# Sticky  [Odin/CWM] Modems (10/29/2011 Added Kj6 Modem)



## fbis251 (Jun 26, 2011)

I wound up making all the modems currently available into Odin flashable files. I've tested all these files out on my own phone using Odin, they all worked fine.

*UPDATES*
10/29/2011
Added KJ6 modem

*NOTES*
1) These files will *NOT* erase any of your data. You can flash these and continue using your ROM as normal.
2) You can flash these modems from any ROM (*froyo* or *gingerbread*).
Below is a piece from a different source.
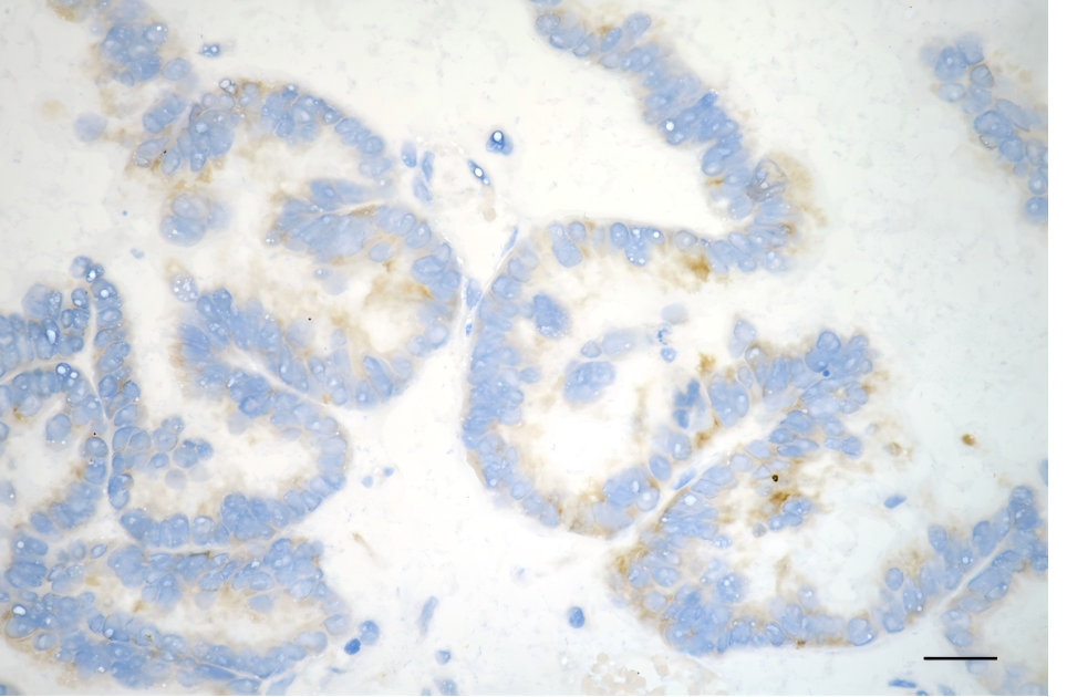 Immunohistochemistry was performed on paraffin-embedded human ovarian carcinoma using MSI2 antibody. Antigen retrieval was done in sodium citrate buffer (pH 6.0). DAB was used for detection, with hematoxylin counterstaining. Images were acquired using a Nikon Ci-L Plus microscope (40× objective). Scale bar: 25 μm.

All you need to do is be able to get into download mode or CWM!
3) The all_modems_odin/cwm.7z files will always contain all the modems for your convenience.

*ODIN INSTRUCTIONS*
Learn how to flash files with Odin using this guide: http://forum.xda-dev...d.php?t=1001759
All files go into the *PHONE* section of Odin. Your Odin screen should look like this:


*CWM INSTRUCTIONS*
Put your downloaded .zip file on your SD card, and flash using CWM recovery!

*DOWNLOAD LINKS*
Odin Modems on SourceForge
CWM Modems on SourceForge

*CREDITS*
Some modems taken from chadster's thread

*CHANGELOG*


> 10/29/2011
> Added KJ6 modem
> 
> 10/26/2011
> ...


----------



## fbis251 (Jun 26, 2011)

Alright, I added the KI1 modem for cwm and odin. Also updated the all_modems files.


----------



## fbis251 (Jun 26, 2011)

Updated with KI3 modem.


----------



## ro6666lt (Sep 2, 2011)

moved to sgs4g genreal section and stickied.  
reason: not a rom/kernel or theme.


----------



## fbis251 (Jun 26, 2011)

WHAT? Did you get pancake syrup on this thread? =/. Well at least it'll stay up on the wall now. Haha, thanks man.


----------



## ro6666lt (Sep 2, 2011)

that's exactly what I did. anytime. ;-)


----------



## fbis251 (Jun 26, 2011)

UPDATES
10/14/2011
Added KJ1, KJ2 and KJ3 modems
Added a script on sourceforge that will streamline my modem packaging time since it will all be automated after I upload a new modem file.
Linked directly to the sourceforge download page so you can pick your own modems. Latest modems will always be on the top of the list.


----------



## fbis251 (Jun 26, 2011)

10/26/2011
Added KJ5 modem


----------



## fbis251 (Jun 26, 2011)

10/29/2011
Added KJ6 modem


----------